Using the material below, print a verbatim copy of every line from the one containing "目前市场上每GW锂电设备的投" through the one containing "Disporre con un", inclusive, and omit the pictures.
<<<<
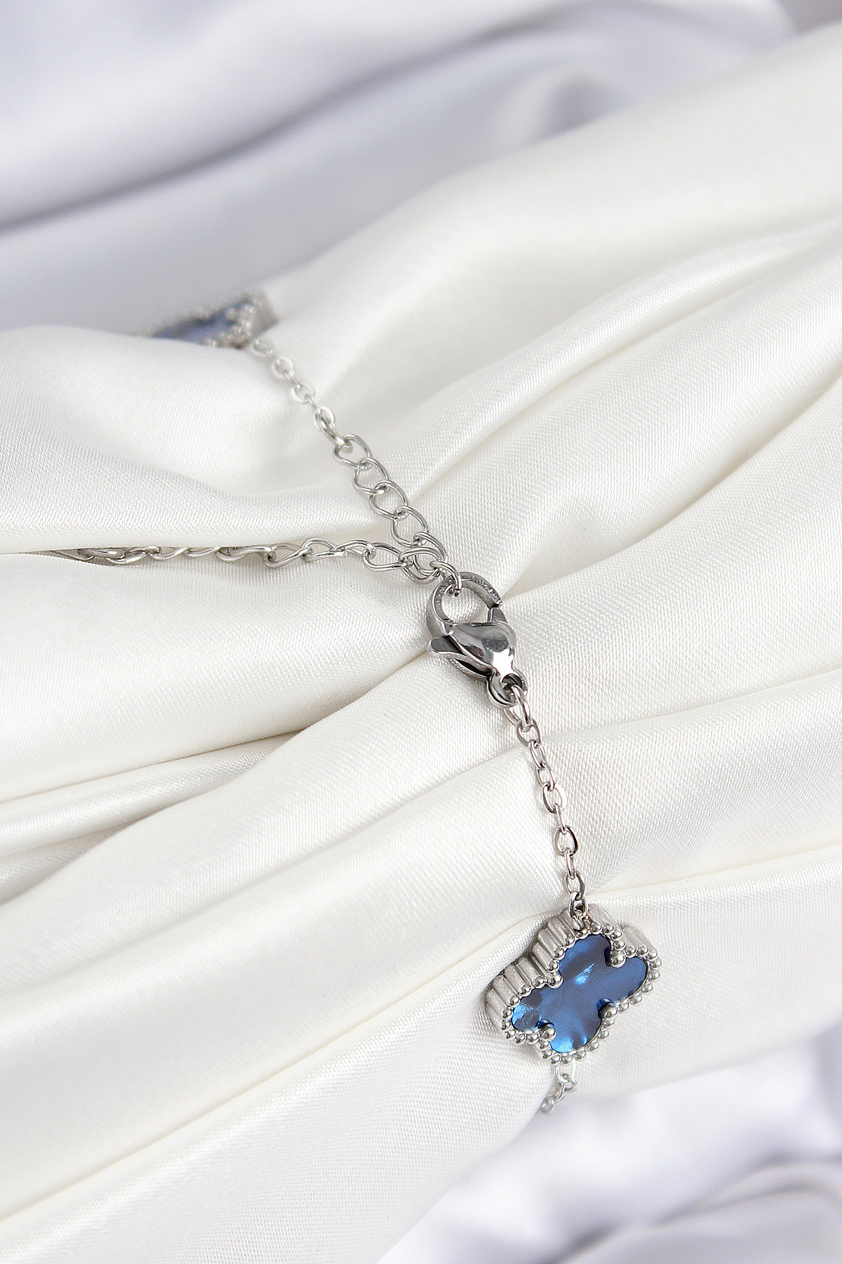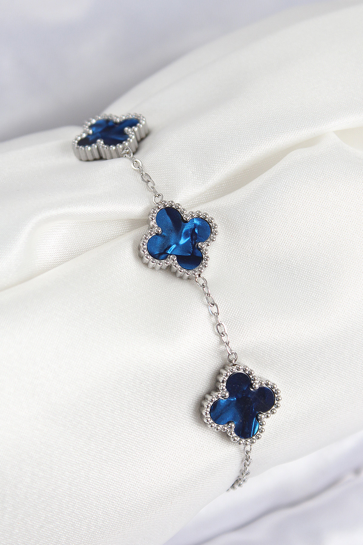 Tegan 316L Çelik Sedefli Lacivert Gümüş Renk Yonca Kadın Bileklik TG27BB7671
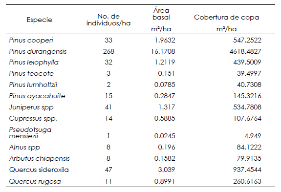 Los valores de importancia de las especies más altos fueron del género Pinus, seguidos del género Quercus, lo cual describe que el área de PSAH en su mayoría es un bosque mezclado de pino-encino. La especie dominante del área fue Pinus durangensis y la menos representativa fue Pseudotsuga mensiezii, es muy importante poner atención en las especies de baja representatividad, ya que una especie rara o escasa en una comunidad es sustituida por otra que es abundante, por tanto, la diversidad disminuye y las especies dominantes colonizan las áreas que quedaron de las especies que fueron eliminadas. Magurran (1988) menciona que el identificar un cambio en la diversidad, ya sea en el número de especies, en la distribución de la abundancia de las especies o en la dominancia, alerta acerca de procesos empobrecedores.
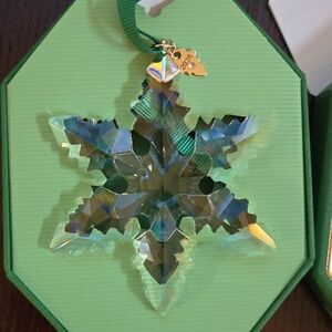 Stunning Swarovski snowflakes in elegant green cases. Ideal for festive decoration.
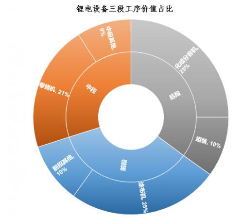 目前市场上每GW锂电设备的投资额大约在1.5亿元左右,一般将锂电设备按照工序分成前中后三段,前中后段设备的价值量占比分别为35%、30%和35%,前段设备的核心是涂布机、中段是卷绕机,后段则是化成分容设备。
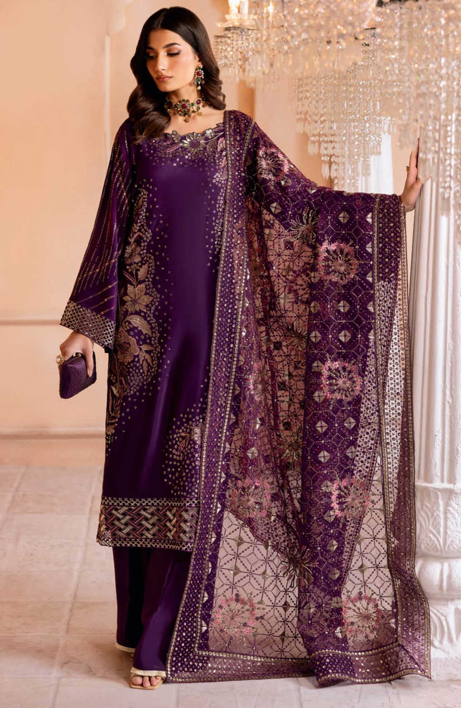 The standard style comes as a long-sleeved kameez with dupatta and trouser/shawlar.
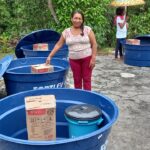 Leia Pereira, residente na comunidade Nossa Senhora Auxiliadora, destaca a importância dos kits para sua comunidade: “Essa campanha é muito importante para nós, pois a chegada dos kits ajudará no armazenamento de agua potável em diferentes estações, mas principalmente nesse momento, onde sem água potável nós sofremos com algumas doenças, principalmente entre as crianças e idosos. ”
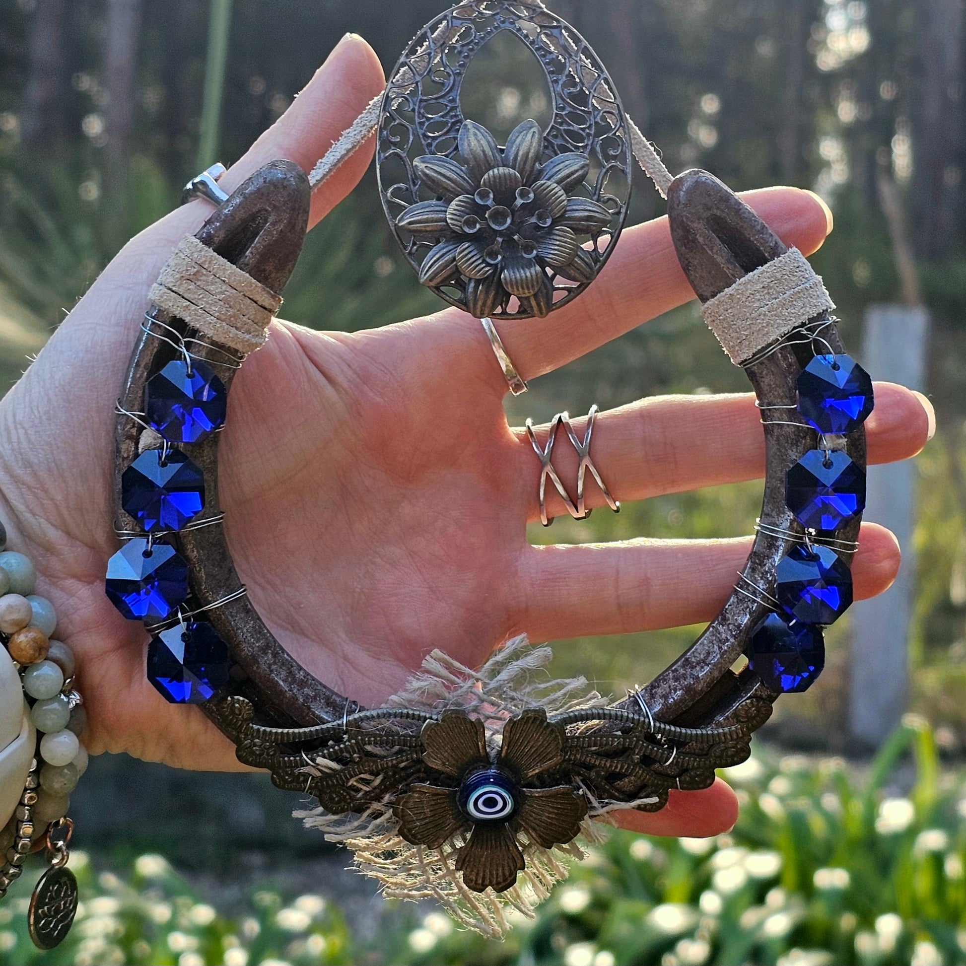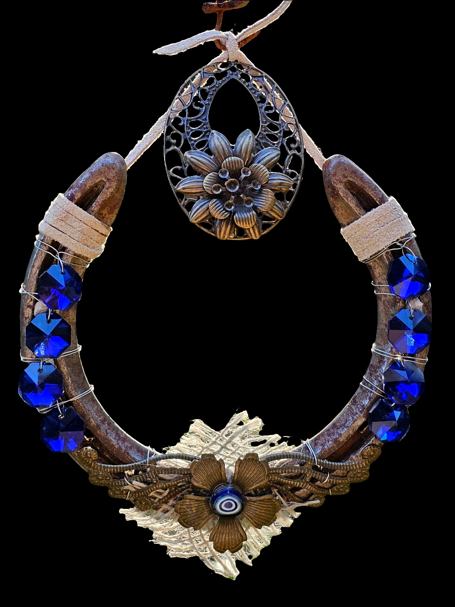 Horseshoes have long been cherished as symbols of good luck and protection, while the evil eye bead, also known as “nazar,” is used in many cultures to protect against ill intent or jealousy. Combined with blue crystals (often linked to protection, intuition, and calm), together this piece becomes a powerful guardian and decorative charm for any space.
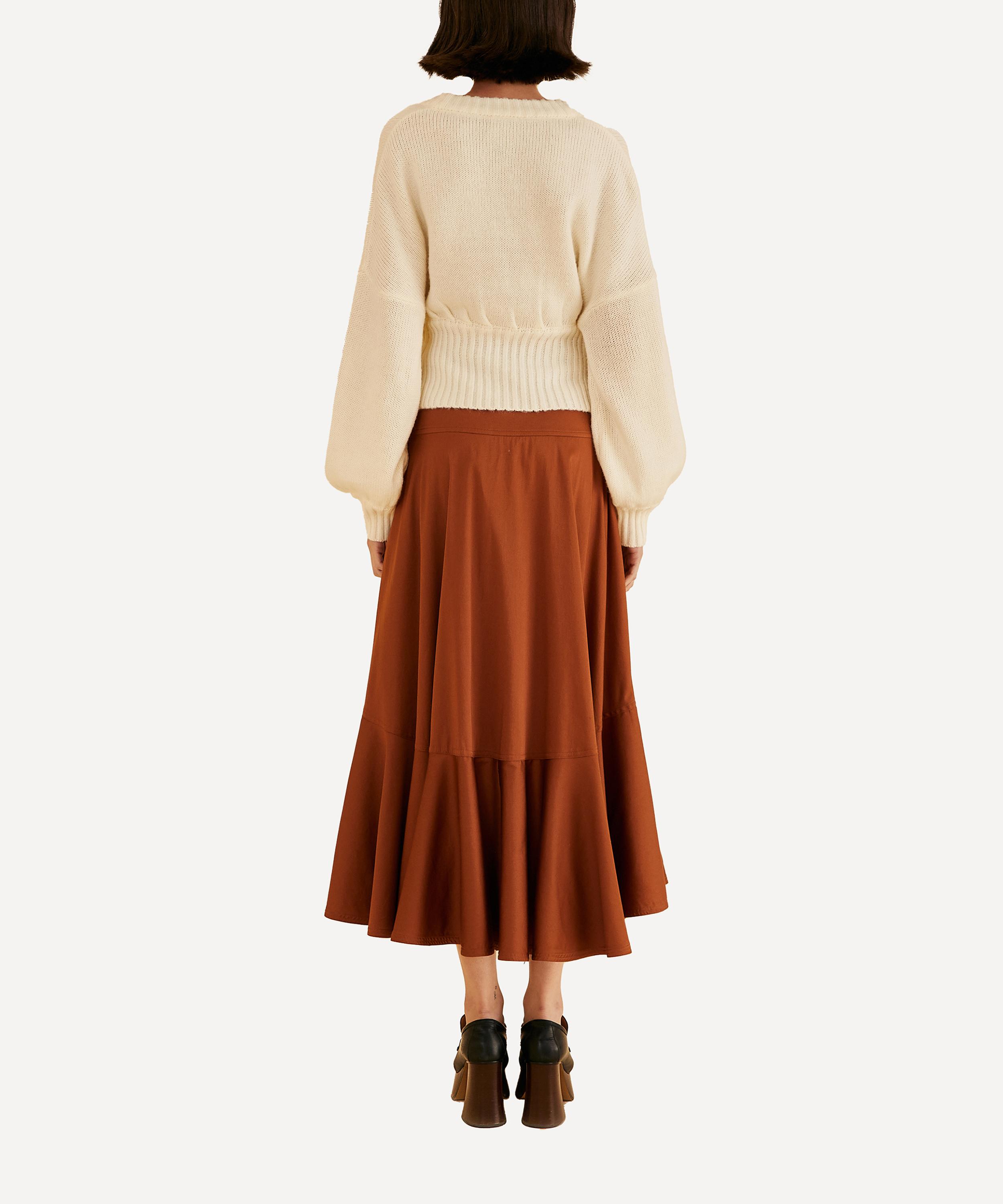 Crafted from a breezy cotton-blend, this elegant and easy-to-wear maxi-skirt is a wardrobe essential with its timeless A-line silhouette and free-flowing, ruffled hem.
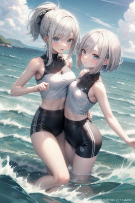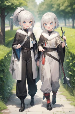 masterpiece, best quality, extremely detailed, anime, , SF, cartoon, a pretty woman, bobcut, ponytail, long sleeve, silver hair, blue eyes, ojou-sama, twin, two people, sisters, fantasy, cafe, smile, vacation, happy,Hide one eye with one\'s hair <lora:flat2:-0.05> <lora:hairdetailer:1> ,
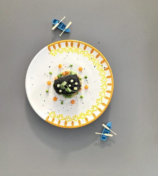 Disporre con un coppa pasta l’insalata russa al centro del piatto di ceramica, avendo cura di non schiacciarla troppo; intorno a questa, disporre alternativamente 6 piselli novelli e 6 palline di carote, al fine di ricreare l’immagine delle “caramelline” di San Nicola. Disporre il baccalà correttamente tamponato sull’insalata russa, ultimando la decorazione del piatto con 8 spuntoni di maionese di patata in superficie e con l’apposizione di un germoglio di pisello. Spolverare leggermente con del panko al nero di seppia per ricreare l’effetto della cenere.
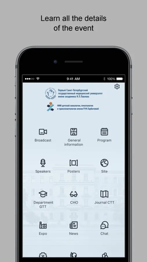 RM Gorbacheva Research Institute is closely connected to Hematology, Transfusion medicine and Transplantation Chair with Pediatric Oncology course, which is named after Institute’s founder, professor Boris Afanasyev. The chair provides postgraduate education programs in pediatric hematology, pediatric oncology and transfusion medicine. This interactive app is an instrument aimed to facilitate the involvement in educational activities, symposiums and conferences organized by RM Gorbacheva Research Institute and Chair.
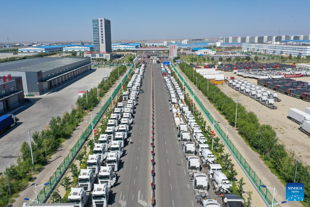 This photo taken on July 26, 2023 shows domestically-made vehicles at the Horgos Port in northwest China's Xinjiang Uygur Autonomous Region.?(Xinhua/Ding Lei)
>>>>
RESPONSE TO THIS TASK:
 目前市场上每GW锂电设备的投资额大约在1.5亿元左右,一般将锂电设备按照工序分成前中后三段,前中后段设备的价值量占比分别为35%、30%和35%,前段设备的核心是涂布机、中段是卷绕机,后段则是化成分容设备。
 The standard style comes as a long-sleeved kameez with dupatta and trouser/shawlar.
 Leia Pereira, residente na comunidade Nossa Senhora Auxiliadora, destaca a importância dos kits para sua comunidade: “Essa campanha é muito importante para nós, pois a chegada dos kits ajudará no armazenamento de agua potável em diferentes estações, mas principalmente nesse momento, onde sem água potável nós sofremos com algumas doenças, principalmente entre as crianças e idosos. ”
 Horseshoes have long been cherished as symbols of good luck and protection, while the evil eye bead, also known as “nazar,” is used in many cultures to protect against ill intent or jealousy. Combined with blue crystals (often linked to protection, intuition, and calm), together this piece becomes a powerful guardian and decorative charm for any space.
 Crafted from a breezy cotton-blend, this elegant and easy-to-wear maxi-skirt is a wardrobe essential with its timeless A-line silhouette and free-flowing, ruffled hem.
 masterpiece, best quality, extremely detailed, anime, , SF, cartoon, a pretty woman, bobcut, ponytail, long sleeve, silver hair, blue eyes, ojou-sama, twin, two people, sisters, fantasy, cafe, smile, vacation, happy,Hide one eye with one\'s hair <lora:flat2:-0.05> <lora:hairdetailer:1> ,
 Disporre con un coppa pasta l’insalata russa al centro del piatto di ceramica, avendo cura di non schiacciarla troppo; intorno a questa, disporre alternativamente 6 piselli novelli e 6 palline di carote, al fine di ricreare l’immagine delle “caramelline” di San Nicola. Disporre il baccalà correttamente tamponato sull’insalata russa, ultimando la decorazione del piatto con 8 spuntoni di maionese di patata in superficie e con l’apposizione di un germoglio di pisello. Spolverare leggermente con del panko al nero di seppia per ricreare l’effetto della cenere.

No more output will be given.